Hello everyone, Joe Wahler here again for some more of my opinion, I recently read this piece in the NYT by Mark Bittman and thought how thoroughly condescending and at the same time naive of him.

http://www.nytimes.com/2011/07/24/opinion/sunday/24bittman.html?pagewanted=1&_r=3&hpw

If you tax soda the only thing that will be accomplished is that you will take more money from poor, uneducated people. They will not stop drinking soda, it's loaded with caffeine, and sugar.

The answer is to do something effective, educate don't legislate, and if the people choose not to participate... well that's their choice, not anyone else's.

The point of good food is not to attempt to feel superior to, or to pass judgement upon, or to impose your will upon those so less fortunate that they don't know the difference between pork injected with a solution to enhance flavor, and a proper piece of old breed loin. That condescending attitude will only serve to alienate those whom you are trying to reach.

It's like placing a tax on soda, "We know what's best for you, and will punish you for this behavior", that attitude is smug at best, and it may fill you with a self satisfied sense of superiority, but it's a false one because in the end, you want those whom you are punishing with your taxes as your allies, not your underlings.

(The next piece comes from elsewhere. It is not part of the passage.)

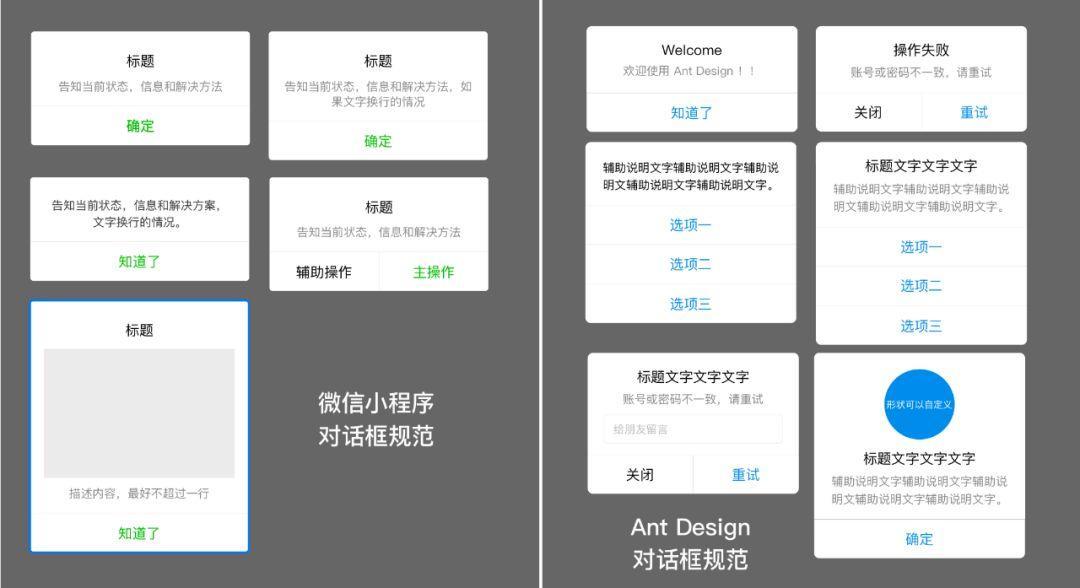 比如,以下分别是微信小程序和Ant Design中定义的对话框规范。
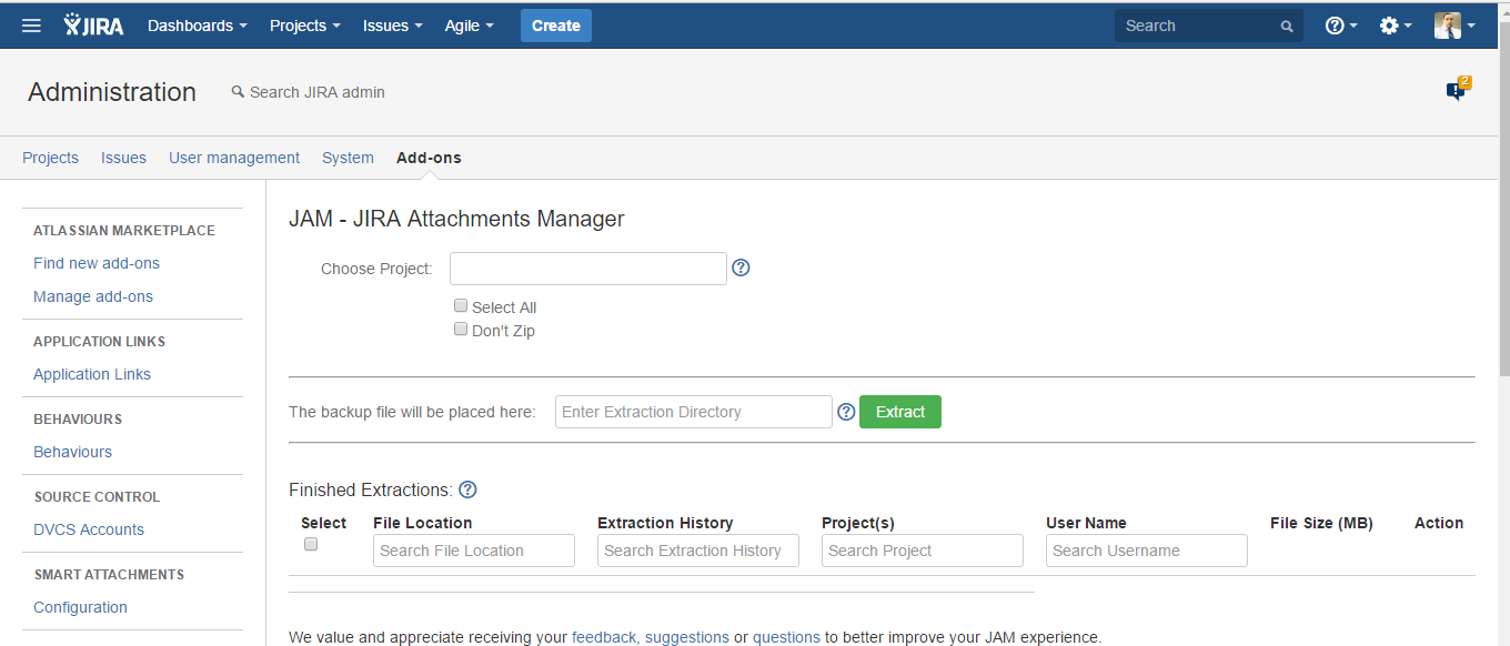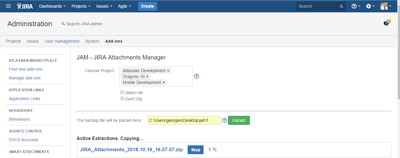 From here, you need to select your project(s), whether or not choose if you want to zip/unzip your extraction and a valid path on the server where JIRA is installed. Once you have filled the needed informations, you have to simply click on the "Extract" button. Now JAM will start extracting and collecting all the attachments of the selected projects. The extraction time depends on the size of the attachments and the server specs.

These people are your fellow citizens, they are not your charges to care for because you know best. They have the exact same rights to do with their own bodies as you have. This debate is actually a political one, it's the age old battle between collectivism on the tax side, and individualism on the other. Barring a completely and totally irrefutable argument from the former, I shall always choose the latter. Because the latter always allows one to participate in the former if he so chooses, while the former by it's very nature precludes the latter.